Near the surface of the Earth, a block of cheese with mass m lies on the foor of
a elevator cab with mass M = 1,000m (i.e., the mass of the cab is 1,000 times
the mass of the cheese) that is being pulled upward by a cable. If through the
distance d = 2m, the normal force on the block from the floor has constant
magnitude FN = 3N, how much work is done on the cab by the force from the
cable?

W = fd
F = ma

## The Attempt at a Solution

The distance moved is two meters, so the only unknown necessary to solve is the force from the cable on the cab.

If you consider the entire system of cheese and elevator,
Fc - mg - 1000mg = 1001ma

Just the cheese,
3 - mg = ma
a = 3/m - g

Combine the two,
Fc = 1001mg + 1001m(3/m - g)
Fc = 1001mg + 3003 - 1001mg
Fc = 3003 N

W = (3003N)(2m) = 6,006 J

However, the answer is apparently 6,001 J. Can anyone explain why to me? Or is this a misprint on the answer sheet...

collinsmark
Homework Helper
Gold Member
W = (3003N)(2m) = 6,006 J

However, the answer is apparently 6,001 J. Can anyone explain why to me? Or is this a misprint on the answer sheet...
According to my calculations, it must be a mistake on the answer sheet. 'That or something was left out of the problem statement.

I came up with your value, 6006 J for the total work done on the cab+cheese by the cable. I'm assuming that distance d = 2 meters (instead of some sort of weird dependency on mass, m), FN = 3 Newtons, the cable has negligible weight/mass, and the 6006 J of work is the work done on the cab+cheese.

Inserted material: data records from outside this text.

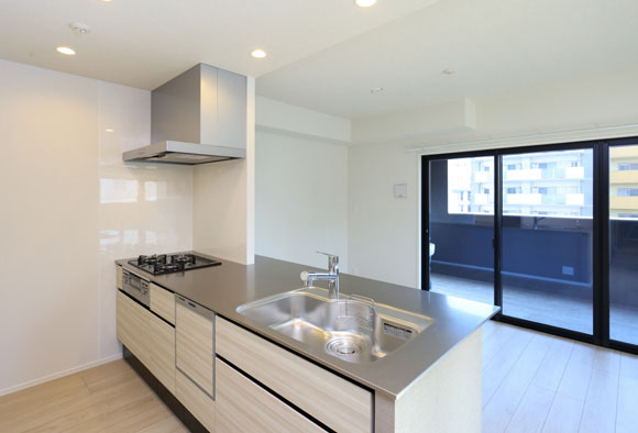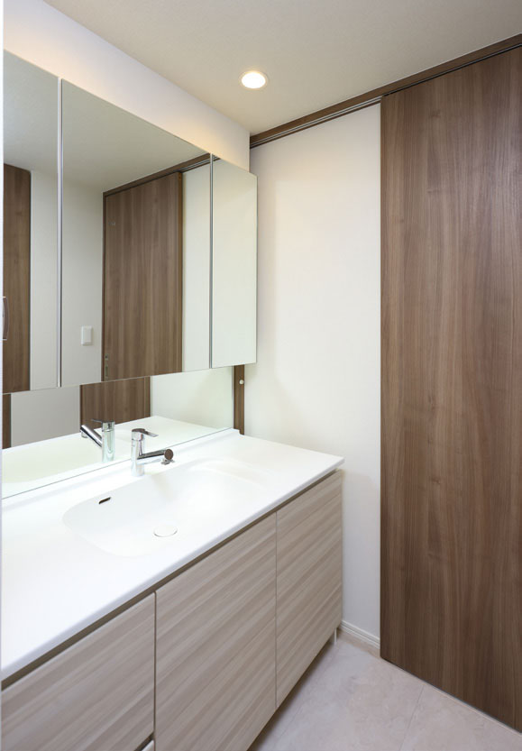 間取りにつきましては、都心型マンションの特性の良さを活かし、あえて 4LDK の広い間取りは考えず、 2LDK ~ 3LDK を主体とした構成にしております。また、ゆとりのあるスペースをリビング空間と一体化したプレミアムバルコニー(奥行 2m の木目調の天井に標準装備されたダウンライトの設置)が、上質な空間を広げ、開放感のあるバルコニーからの眺望も優雅な都心生活を演出いたします。
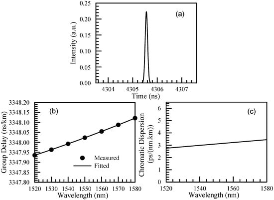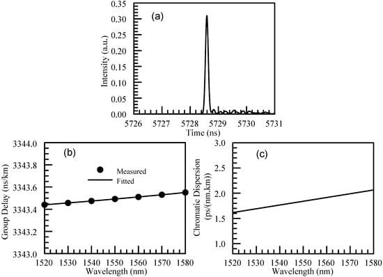The third fiber has a nested five-capillary structure shown in Figure 2b with a length of approximately 1300 m, which has better HOM suppression []. This fiber has a core diameter of 33.2 µm, an outer capillary average diameter of 37.7 µm, and a nested capillary average diameter of 19.9 µm. The fundamental mode MFD around 1550 nm is 28.5 μm. The fiber has a transmission window from 1300 to 1600 nm. The measurements were conducted from 1520 to 1580 nm with a 10 nm wavelength increment. Figure 6a shows the calculated output pulse by processing CTF following the procedure in [] and Section 2. Figure 6b shows that the fundamental mode delay is around 3348.02 ns/km, and it increases slightly over the wavelength. The GD data were fitted using a second-order polynomial, resulting in an R-squared value of 0.999989. Additionally, the CD of the fiber was obtained and is shown in Figure 6c, indicating a range of 2.76–3.45 ps/(nm.km) across the wavelength range of 1520–1580 nm.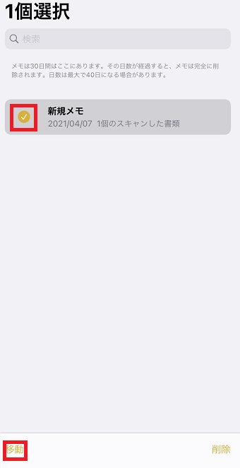 復元したいメモにチェックを入れ下の『移動』をタップします。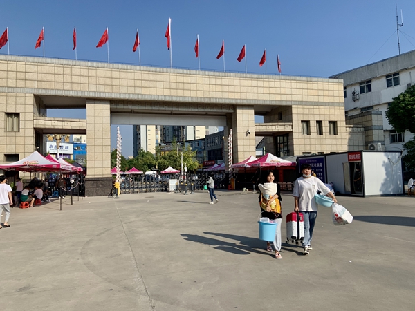 报到现场,返校学生佩戴口罩、保持安全间隔距离,有序排队进入校园。出示"健康码"、登记签到、测量体温、行李消杀等环节有条不紊地进行。虽然返校学生较多,但校园入口始终保持畅通,没有形成拥堵。各二级学院积极响应学校号召,安排专人专班在校门口值守,全天候接待报到学生。学校还设置了咨询接待处、绿色通道、宿舍安排、治安服务等服务点,实用的遮阴帐篷、贴心的饮用水和风扇、简明的报到指南、细致的解答指引给学生最温馨的服务。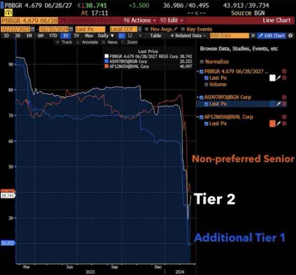 Ed ecco che il secondo grafico sposta l’attenzione in Germania. Nella fattispecie verso l’AT1 di PBB, una delle due banche come maggiore esposizione al real estate commerciale Usa.

On the other hand, the problem statement says, "how much work is done on the cab by the force from the cable," and doesn't mention anything about the work done on the cheese (by the normal force from the cab). It's sort of ambiguous, but maybe you're supposed to subtract off the work done on the cheese from the total. Personally I wouldn't interpret it that way. The way I see it, 6006 J of work is done on the cab, but the cab does 6 J of work on the cheese, which leaves a net of 6000 J done on the cab by itself (ignoring the work done on the cheese), even though the work done by the cable's force is still 6006 J. But even if you're supposed to give the net amount of work done on the cab, by itself, still doesn't quite give an answer of 6001 J either.

So I'm guessing that there's either something left out of the problem statement, or there is a mistake in the answer sheet.